The second cause of action, directed against the Greenwich Defendants, alleged that these defendants’ refusal to grant zoning approval to Pathways was based on the disability of the intended residents and constituted a violation of the Americans with Disabilities Act, 42 U.S.C. § 12101 et seq. (2000), the Rehabilitation Act, 29 U.S.C. § 794 et seq. (2000), and the FHA.

Pathways sought declaratory relief, preliminary and permanent injunctive relief, and money damages. Pathways moved for a preliminary injunction, alleging that, absent prompt relief, it would suffer irreparable harm because the grants on which it depended to complete the project could expire or be withdrawn.
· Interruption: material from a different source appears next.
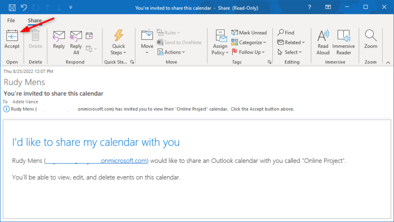 Người dùng cần tự thêm lịch dùng chung vào Outlook. Có hai cách để thực hiện việc này. Khi bạn chia sẻ lịch với đồng nghiệp, họ sẽ tự động nhận được email mời. Người dùng chỉ cần nhấp vào “Chấp nhận” để thêm lịch dùng chung vào Outlook của họ.
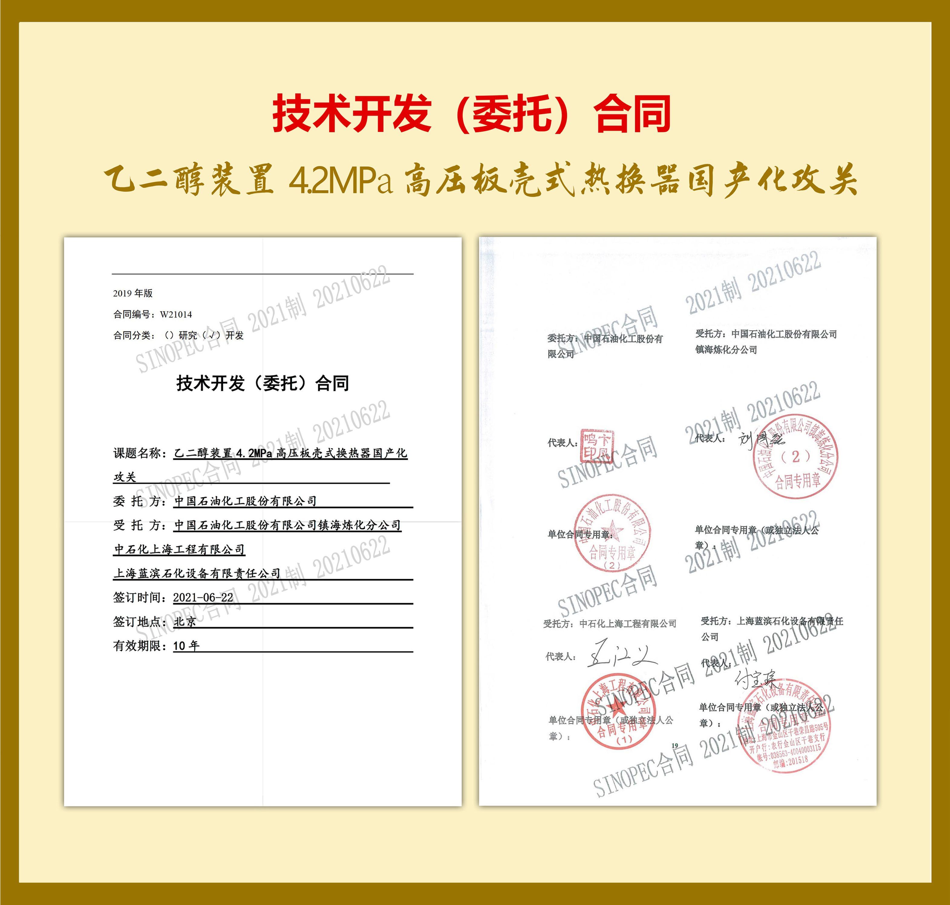乙二醇裝置 4.2MPa 高壓板殼式熱交換器國產化攻關(首臺套)中國石化重大裝備國產化攻關課題

The Brookridge and Greenwich Defendants filed motions to dismiss on various grounds, and on September 28, 2001, the District Court granted the motions in part. Specifically, the Court dismissed Pathways’ claims for injunctive and declaratory relief because of the Anti-Injunction Act, 28 U.S.C. § 2283 (2000), and the Younger abstention doctrine, see Younger v. Harris, 401 U.S. 37, 91 S.Ct. 746, 27 L.Ed.2d 669 (1971). Pathways, 172 F.Supp.2d at 366. The Court denied the motions to dismiss *113insofar as Pathways sought monetary damages, but stayed the monetary claims pending the outcome of the state court cases. Id. In a separate order entered the same day, the Court denied Pathways’ motion for a preliminary injunction.

Discussion

I. Jurisdiction

Pathways invokes this Court’s jurisdiction pursuant to both 28 U.S.C. § 1292(a)(1), which governs interlocutory appeal, and 28 U.S.C. § 1291, which governs appeal from a final judgment. Although the Appellees do not contest our jurisdiction, we are nonetheless obliged to consider the issue. See Ehre v. New York (In re Adirondack Railway Corp.), 726 F.2d 60, 62 (2d Cir.1984).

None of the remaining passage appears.